> [INPUT DATA]:
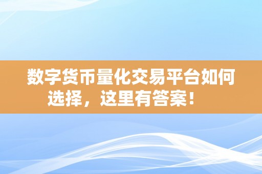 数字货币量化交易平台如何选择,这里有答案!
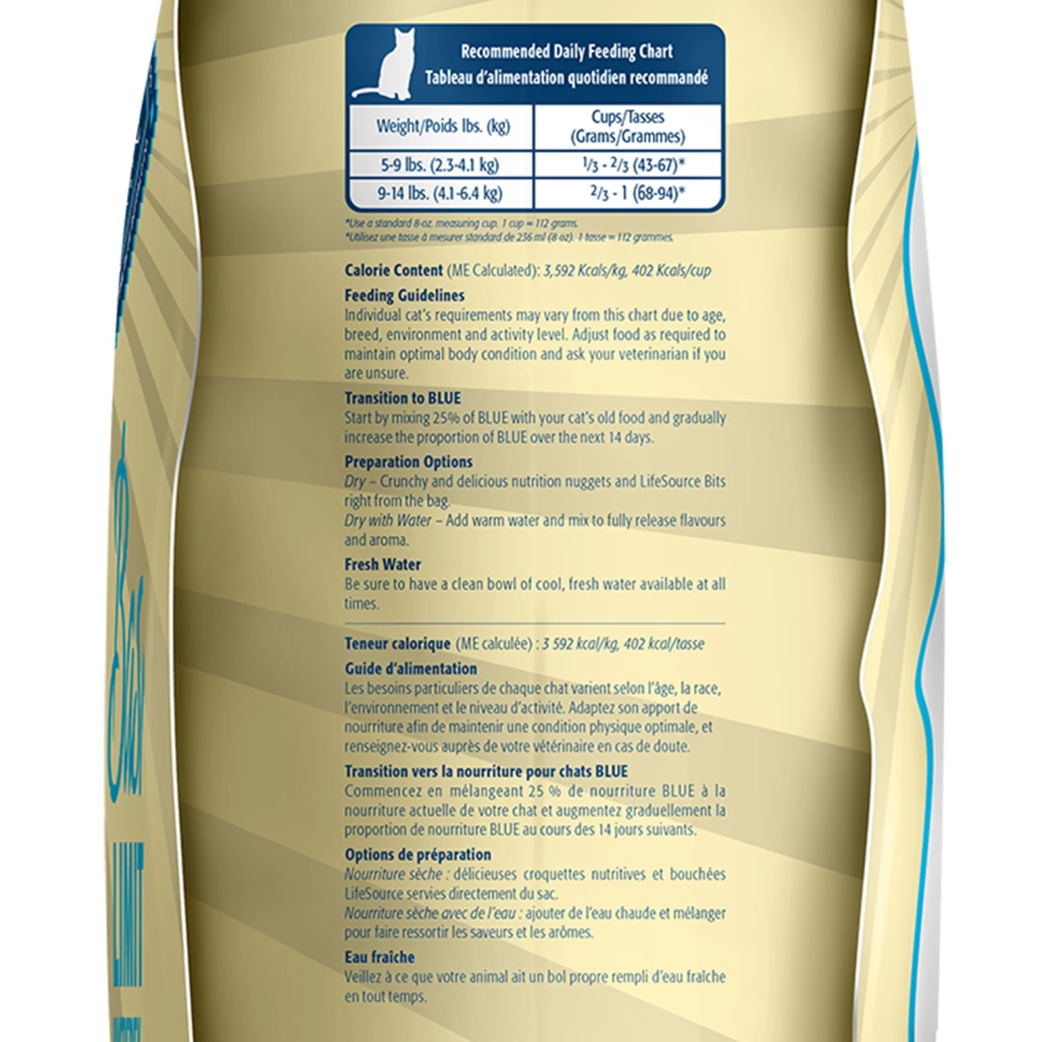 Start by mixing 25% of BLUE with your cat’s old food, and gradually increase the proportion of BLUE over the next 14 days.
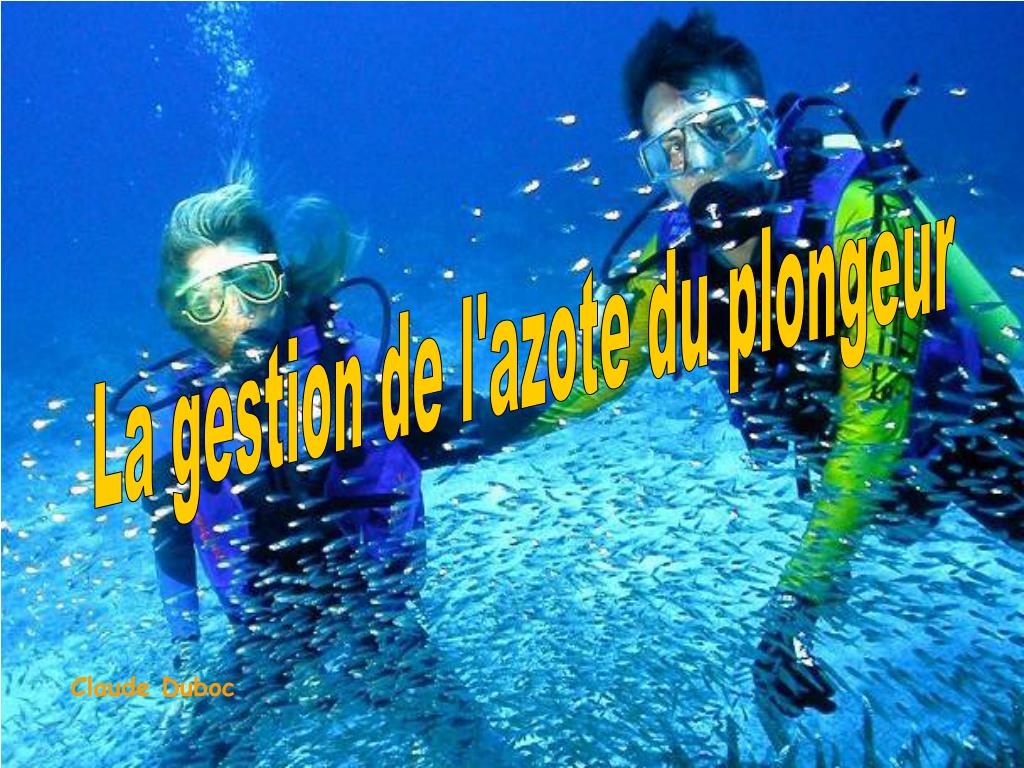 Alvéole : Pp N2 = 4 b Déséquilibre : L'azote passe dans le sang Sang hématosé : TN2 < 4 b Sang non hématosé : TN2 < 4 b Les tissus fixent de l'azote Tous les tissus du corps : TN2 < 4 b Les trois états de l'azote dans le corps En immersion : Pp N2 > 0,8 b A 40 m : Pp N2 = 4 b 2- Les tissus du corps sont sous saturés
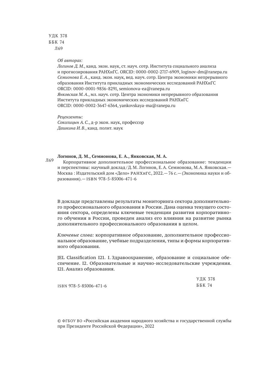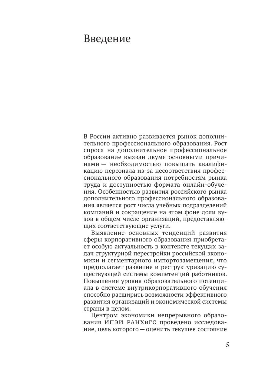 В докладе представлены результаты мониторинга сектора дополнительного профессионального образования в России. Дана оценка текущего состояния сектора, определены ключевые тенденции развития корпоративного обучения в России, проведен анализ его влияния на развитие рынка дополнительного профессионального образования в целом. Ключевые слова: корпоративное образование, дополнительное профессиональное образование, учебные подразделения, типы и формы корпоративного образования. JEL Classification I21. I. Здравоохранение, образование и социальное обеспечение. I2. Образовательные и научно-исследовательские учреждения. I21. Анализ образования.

> [DESCRIPTION OF THE TASK]:
Look at the listing and set down only the lines from its start through the line with "Alvéole : Pp", word for word and without pictures.

> [ANSWER FOR THIS EXERCISE]:
 数字货币量化交易平台如何选择,这里有答案!
 Start by mixing 25% of BLUE with your cat’s old food, and gradually increase the proportion of BLUE over the next 14 days.
 Alvéole : Pp N2 = 4 b Déséquilibre : L'azote passe dans le sang Sang hématosé : TN2 < 4 b Sang non hématosé : TN2 < 4 b Les tissus fixent de l'azote Tous les tissus du corps : TN2 < 4 b Les trois états de l'azote dans le corps En immersion : Pp N2 > 0,8 b A 40 m : Pp N2 = 4 b 2- Les tissus du corps sont sous saturés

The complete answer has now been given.